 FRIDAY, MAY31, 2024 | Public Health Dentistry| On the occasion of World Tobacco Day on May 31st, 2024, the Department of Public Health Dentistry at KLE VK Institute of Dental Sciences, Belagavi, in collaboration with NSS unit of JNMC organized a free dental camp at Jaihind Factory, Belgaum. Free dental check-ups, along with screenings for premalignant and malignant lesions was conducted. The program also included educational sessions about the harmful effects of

----------

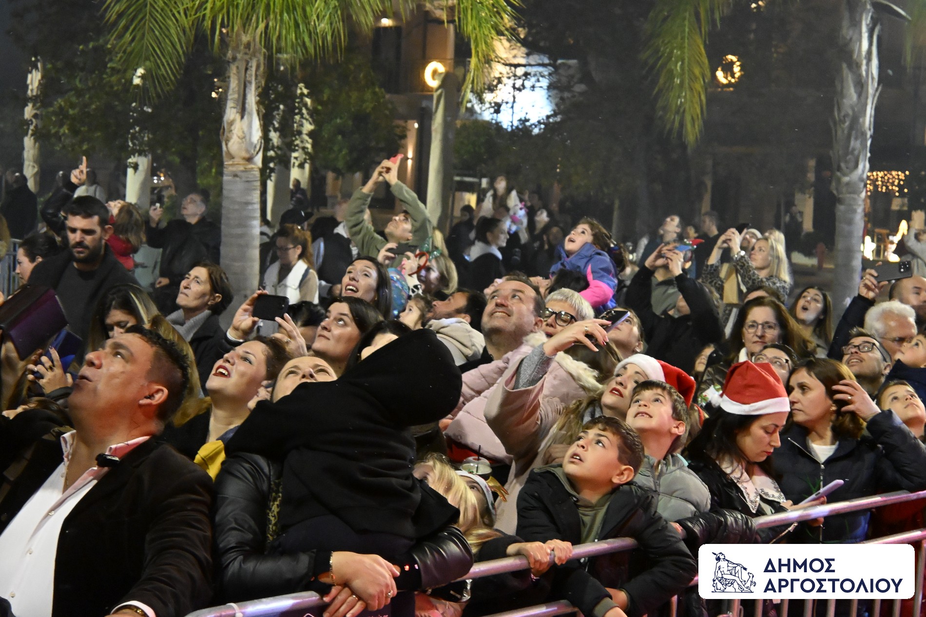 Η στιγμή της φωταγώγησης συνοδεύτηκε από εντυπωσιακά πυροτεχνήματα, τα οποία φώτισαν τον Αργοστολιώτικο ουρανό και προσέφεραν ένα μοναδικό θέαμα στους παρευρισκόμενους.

----------

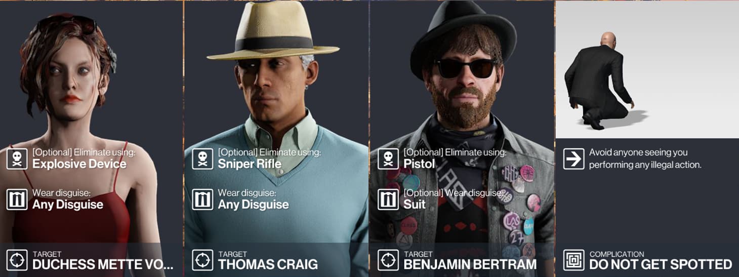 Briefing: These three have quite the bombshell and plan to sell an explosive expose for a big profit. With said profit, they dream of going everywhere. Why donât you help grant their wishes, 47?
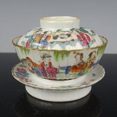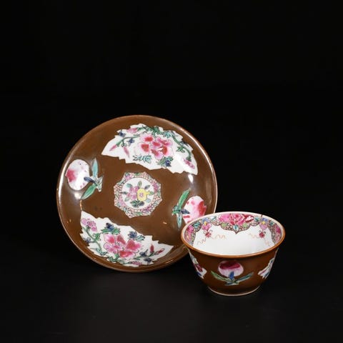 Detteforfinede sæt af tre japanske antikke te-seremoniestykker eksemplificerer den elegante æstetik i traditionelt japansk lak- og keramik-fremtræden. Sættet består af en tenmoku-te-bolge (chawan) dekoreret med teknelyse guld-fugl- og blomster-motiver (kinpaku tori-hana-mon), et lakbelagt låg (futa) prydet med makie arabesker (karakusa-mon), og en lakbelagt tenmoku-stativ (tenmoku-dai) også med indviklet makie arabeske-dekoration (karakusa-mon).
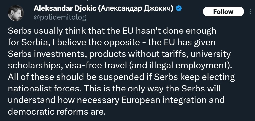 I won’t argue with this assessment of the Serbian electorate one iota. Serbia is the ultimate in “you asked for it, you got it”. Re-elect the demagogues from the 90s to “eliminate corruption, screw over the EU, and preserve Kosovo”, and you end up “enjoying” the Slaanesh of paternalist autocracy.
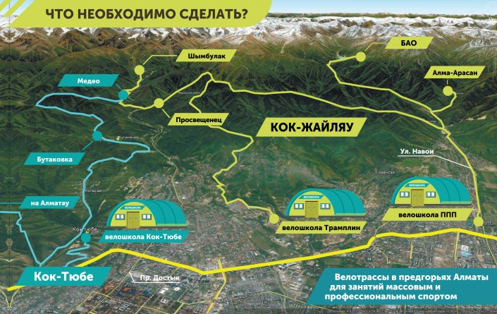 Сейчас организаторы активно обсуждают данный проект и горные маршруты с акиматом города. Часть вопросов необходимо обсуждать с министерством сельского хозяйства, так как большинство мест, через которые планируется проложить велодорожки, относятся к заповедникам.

----------

All that should be printed is the run of lines above from the one with "I won’t argue" through the one with "Сейчас организаторы активно", both included, exactly as given, with pictures left out.

→ **Answer to this task**:
 I won’t argue with this assessment of the Serbian electorate one iota. Serbia is the ultimate in “you asked for it, you got it”. Re-elect the demagogues from the 90s to “eliminate corruption, screw over the EU, and preserve Kosovo”, and you end up “enjoying” the Slaanesh of paternalist autocracy.
 Сейчас организаторы активно обсуждают данный проект и горные маршруты с акиматом города. Часть вопросов необходимо обсуждать с министерством сельского хозяйства, так как большинство мест, через которые планируется проложить велодорожки, относятся к заповедникам.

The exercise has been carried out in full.